EXERCISE AIM
Repeat all of the records word for word, but skip any picture.
** Opening EXCERPTED RECORDS block **
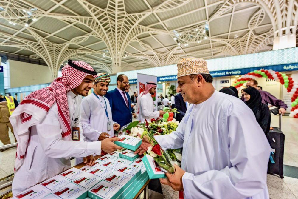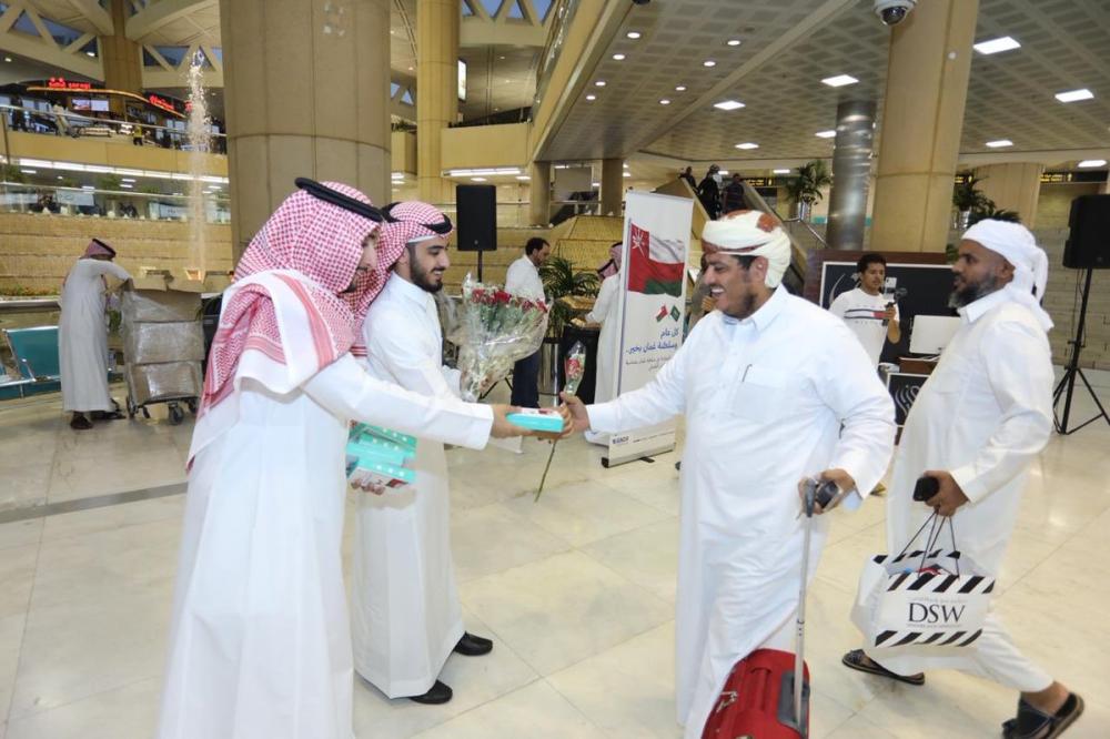 وفي مطار الأمير محمد بن عبد العزيز الدولي بالمدينة المنورة، تم استقبال المسافرين القادمين من سلطنة عُمان بالورود والأعلام والشوكولاتة، والاحتفال مع الأشقاء العُمانيين داخل المطار بتوزيع الهدايات التذكارية للمسافرين ومنسوبي مكتب الخطوط الجوية العُمانية داخل المطار.
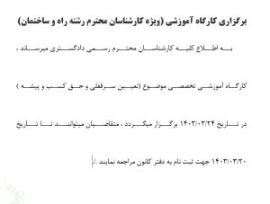 برگزاری کارگاه آموزشی (ویژه کارشناسان محترم رشته راه و ساختمان)
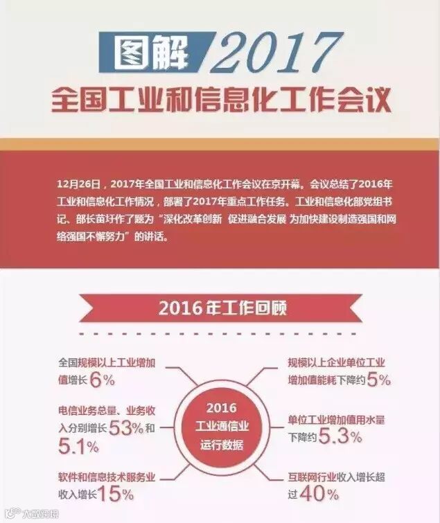 2017年全国工业和信息化工作会议今日在京开幕。会议总结了2016年工业和信息化工作情况,并对2017年重点工作任务进行了部署。戳下图,一图速读↓↓
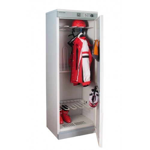 Сушилка выполнена из стали высокого качества и покрыта полимерной краской светло-серого цвета (RAL 7047). Дверцы шкафа запираются на почтовый замок. Есть возможность подсоединения к вытяжной вентиляции.
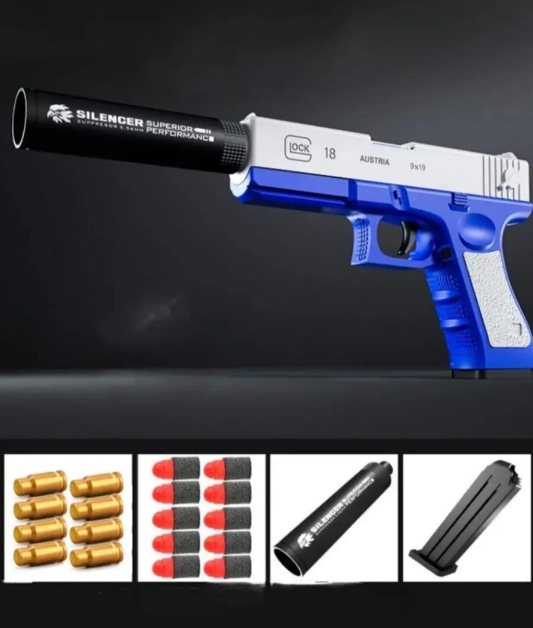 | Комплектация | Пистолет, глушитель, пули, гильзы |
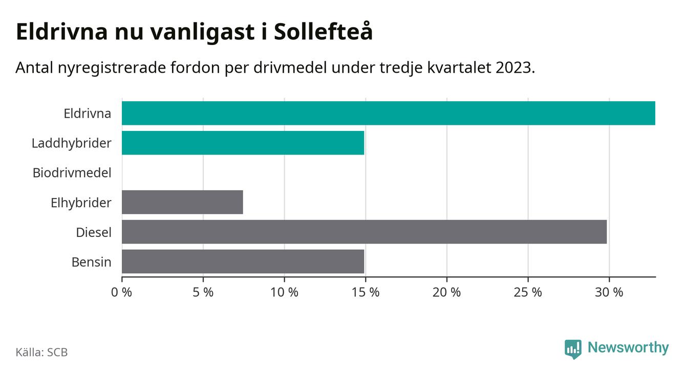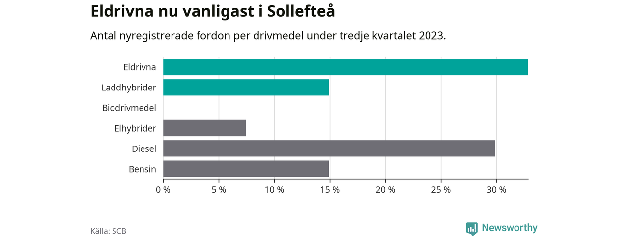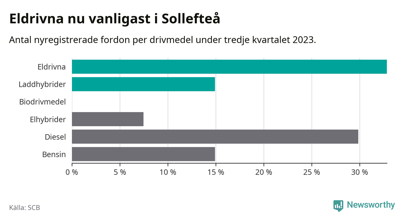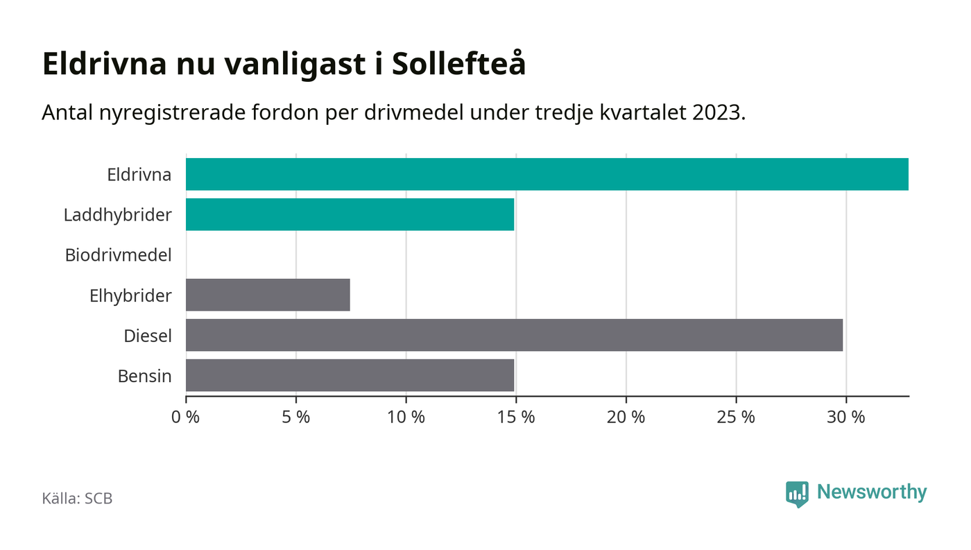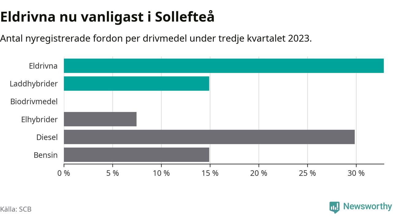 Under tredje kvartalet 2023 var 48 procent av alla nyregistrerade personbilar i Sollefteå laddbara (sammanlagt registrerades 67 nya bilar). Merparten av de laddbara bilarna var rena elbilar (33 procent av alla).
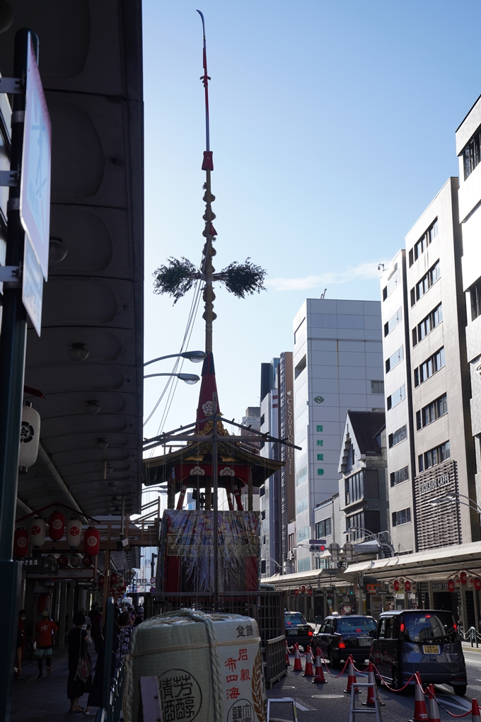 鉾が建っている間、四条烏丸の北西にあるバス停はちょうど「函谷鉾」が陣取ってますのでバスが停まれません。一つ手前の「西洞院」か「高倉」で降りてください。
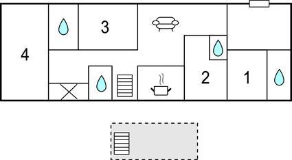 Badeværelse 4m2 (nr. 1) - WC. Varmt og koldt vand. Bruser
** Closing EXCERPTED RECORDS block **
SOLUTION
 وفي مطار الأمير محمد بن عبد العزيز الدولي بالمدينة المنورة، تم استقبال المسافرين القادمين من سلطنة عُمان بالورود والأعلام والشوكولاتة، والاحتفال مع الأشقاء العُمانيين داخل المطار بتوزيع الهدايات التذكارية للمسافرين ومنسوبي مكتب الخطوط الجوية العُمانية داخل المطار.
 برگزاری کارگاه آموزشی (ویژه کارشناسان محترم رشته راه و ساختمان)
 2017年全国工业和信息化工作会议今日在京开幕。会议总结了2016年工业和信息化工作情况,并对2017年重点工作任务进行了部署。戳下图,一图速读↓↓
 Сушилка выполнена из стали высокого качества и покрыта полимерной краской светло-серого цвета (RAL 7047). Дверцы шкафа запираются на почтовый замок. Есть возможность подсоединения к вытяжной вентиляции.
 | Комплектация | Пистолет, глушитель, пули, гильзы |
 Under tredje kvartalet 2023 var 48 procent av alla nyregistrerade personbilar i Sollefteå laddbara (sammanlagt registrerades 67 nya bilar). Merparten av de laddbara bilarna var rena elbilar (33 procent av alla).
 鉾が建っている間、四条烏丸の北西にあるバス停はちょうど「函谷鉾」が陣取ってますのでバスが停まれません。一つ手前の「西洞院」か「高倉」で降りてください。
 Badeværelse 4m2 (nr. 1) - WC. Varmt og koldt vand. Bruser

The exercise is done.